▸ **The data**
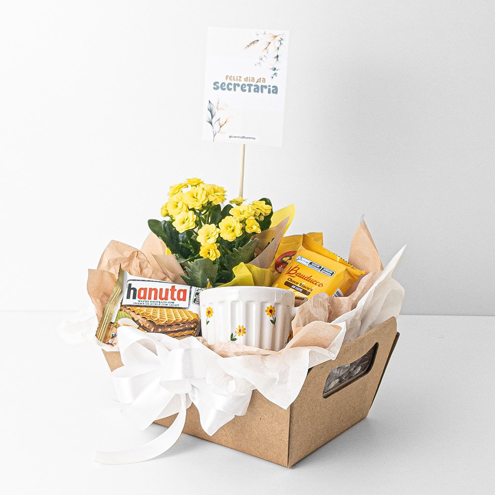 / Cesta Kalanchoe P06 Amarelo + CHOCOBISCUIT + Sachê Cappuccino + Caneca Flores de Girassol • Dia Da Secretaria 2025
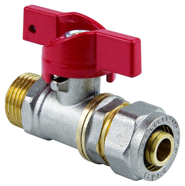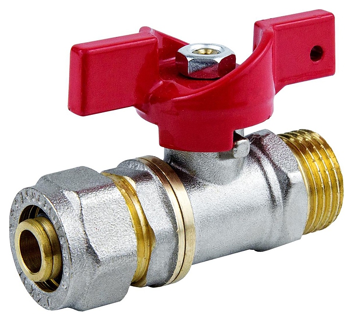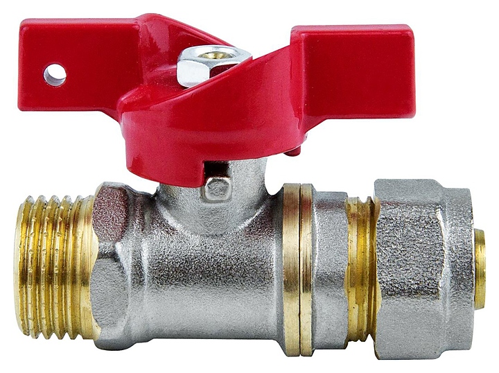 Кран шаровой Aquasfera 027-8783, PN 1,6 МПа, 1/2"НР - ДУ 20 обжим, 1017-02 EURO неполнопроходной латунный с бабочкой
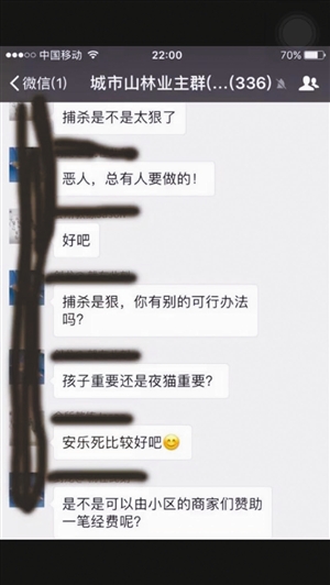 4月8日,一个名为“猫语者”的微信公众号,发表了一篇题为《城市山林的某些业主,请收起你们的杀心!》的文章,用多张截图,展示了城市山林小区内,一个300多人的业主群里,几名业主讨论如何捕杀小区内流浪猫的讨论内容。除了讨论杀猫一事,还有业主表示愿意出资2000元用于杀猫费用,以及购买毒鼠药用于杀猫,甚至有讨论吃猫一事,“既然是无主夜(应为野,编者注)猫,人人有权利捕杀之。为了自己和家人健康”,一位业主如是说。
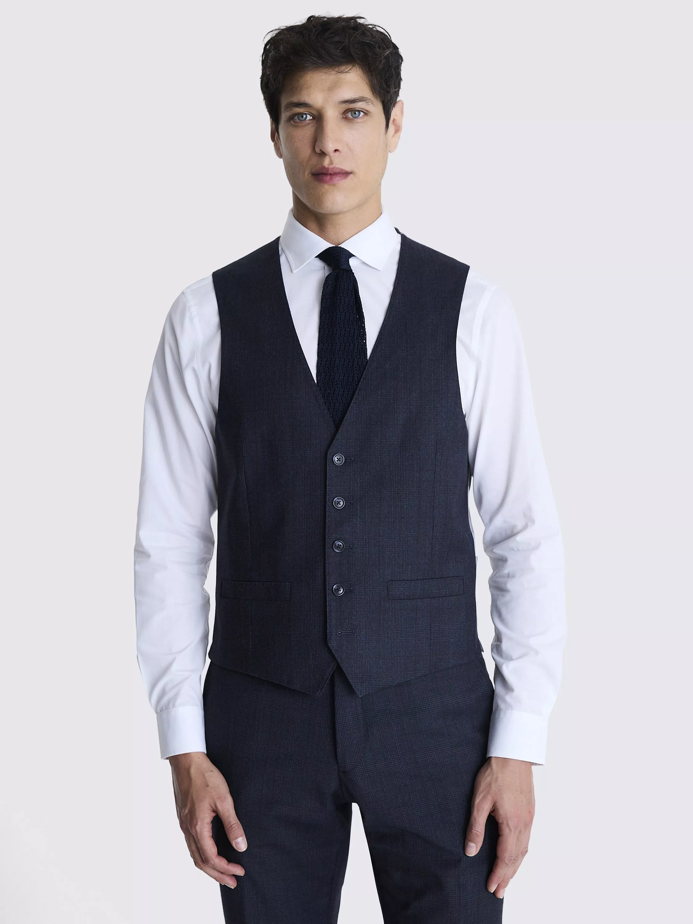 You're already putting in the hard work, so build up a wardrobe that complements it. Cut in Moss' Performance cloth for bounce-back sharpness that keeps creases under control, this navy tailored-fit waistcoat is patterned with a subtle check that pairs easily with a variety of looks. The wool-rich fabric also has water- and stain-repellent properties, so you'll look just as sharp at the end of proceedings as you did when things kicked off. Perfect for long days at the office, important meetings or special occasions that run on into the early hours.

▸ **Directions**
Please give the data above again in exact form and omit every picture.

▸ **Written answer**
 / Cesta Kalanchoe P06 Amarelo + CHOCOBISCUIT + Sachê Cappuccino + Caneca Flores de Girassol • Dia Da Secretaria 2025
 Кран шаровой Aquasfera 027-8783, PN 1,6 МПа, 1/2"НР - ДУ 20 обжим, 1017-02 EURO неполнопроходной латунный с бабочкой
 4月8日,一个名为“猫语者”的微信公众号,发表了一篇题为《城市山林的某些业主,请收起你们的杀心!》的文章,用多张截图,展示了城市山林小区内,一个300多人的业主群里,几名业主讨论如何捕杀小区内流浪猫的讨论内容。除了讨论杀猫一事,还有业主表示愿意出资2000元用于杀猫费用,以及购买毒鼠药用于杀猫,甚至有讨论吃猫一事,“既然是无主夜(应为野,编者注)猫,人人有权利捕杀之。为了自己和家人健康”,一位业主如是说。
 You're already putting in the hard work, so build up a wardrobe that complements it. Cut in Moss' Performance cloth for bounce-back sharpness that keeps creases under control, this navy tailored-fit waistcoat is patterned with a subtle check that pairs easily with a variety of looks. The wool-rich fabric also has water- and stain-repellent properties, so you'll look just as sharp at the end of proceedings as you did when things kicked off. Perfect for long days at the office, important meetings or special occasions that run on into the early hours.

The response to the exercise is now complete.